“I don’t really like math for its own sake. What I love is that it lets you take some things that you know, and just by moving symbols around on a piece of paper, you find out something that you didn’t know that’s very surprising.” -Randall Munroe (“Comics that Ask ‘What If’” – Ted Talk)
“If you love science for science’s sake, teach college. If you really like science, but you really love to work with students, teach high school.” -Dr. Karen LaFever (in a conversation with me as I was picking my path to teach high school chemistry)
These quotes pretty much summarize why I’m happy with my new career. I could have saved myself a lot of writing.

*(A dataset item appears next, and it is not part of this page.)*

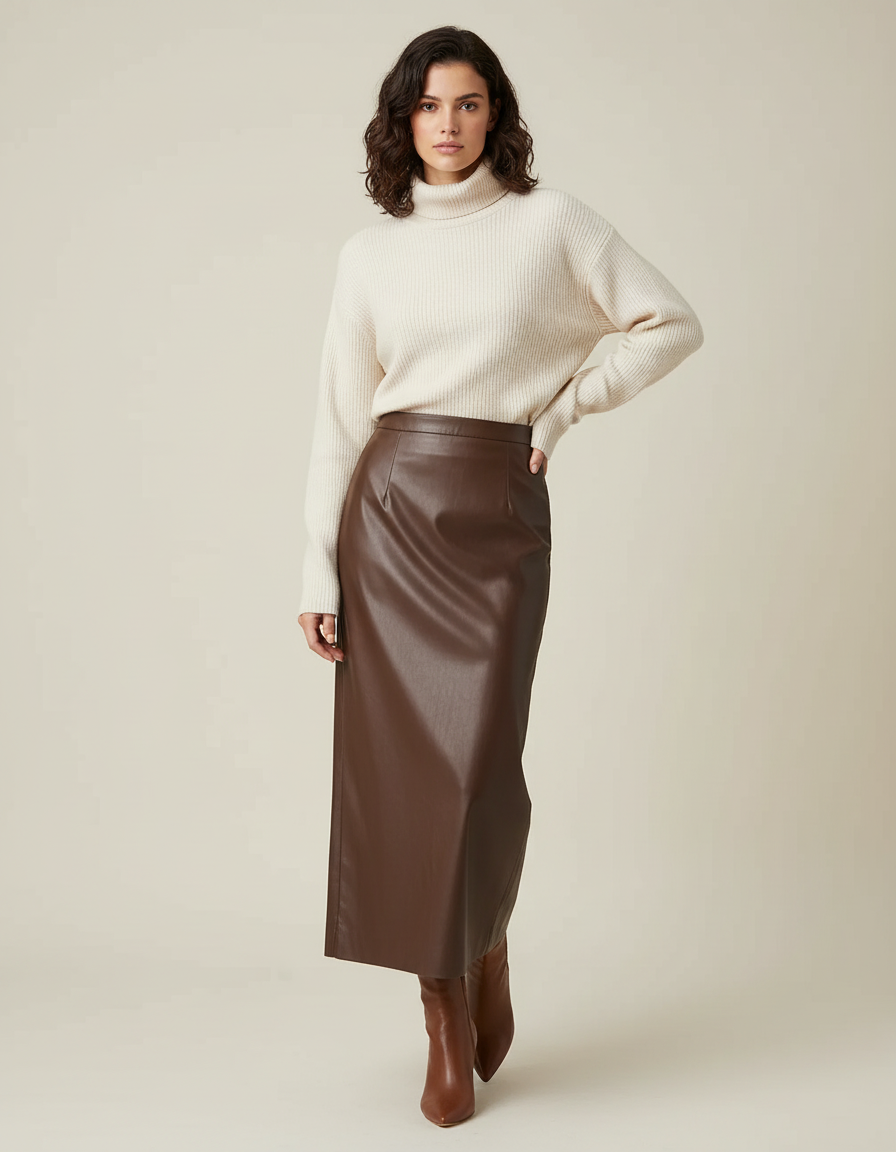 Ce qui distingue notre Jupe Tube Cuir, c'est son simili cuir de haute qualité, offrant un toucher doux et un tombé impeccable qui sublime la silhouette sans jamais contraindre. Sa coupe droite, intemporelle et flatteuse, associée à sa riche couleur marron, en fait un véritable caméléon stylistique. Facile à associer avec un pull en maille fine pour un look cosy-chic ou une blouse soyeuse pour une élégance plus formelle, elle est la promesse d'une garde-robe pensée pour durer et rayonner. Adoptez cette pièce emblématique et ressentez le luxe moderne à fleur de peau.

The dust has settled. In 16-17 months time, I have gone from pediatrician, to resting, to adventure seeker, to searching for a career, to teaching. Sometimes, it feels like it has been 10 years since I was in practice. Other times, it feels like mere days have passed. What did I learn that maybe I can pass along to others that are contemplating or making a major change?
Q: Was it really a sabbatical? Or was this an early mid life crisis?
A: It was a sabbatical, but self-funded. If it were a mid life crisis, I would have a convertible, I’d have visited Europe, and probably gambled on the riverboats. I started off with goals, modest as they were. Rest. Regenerate. Once that happened, I did real and actual work to come out on the other end. Plus, I started a business and now I write in addition to starting on a second career. Taking time off is in common between the two. The difference between a sabbatical and just screwing around are the goals, or more appropriately, goals versus lack of goals.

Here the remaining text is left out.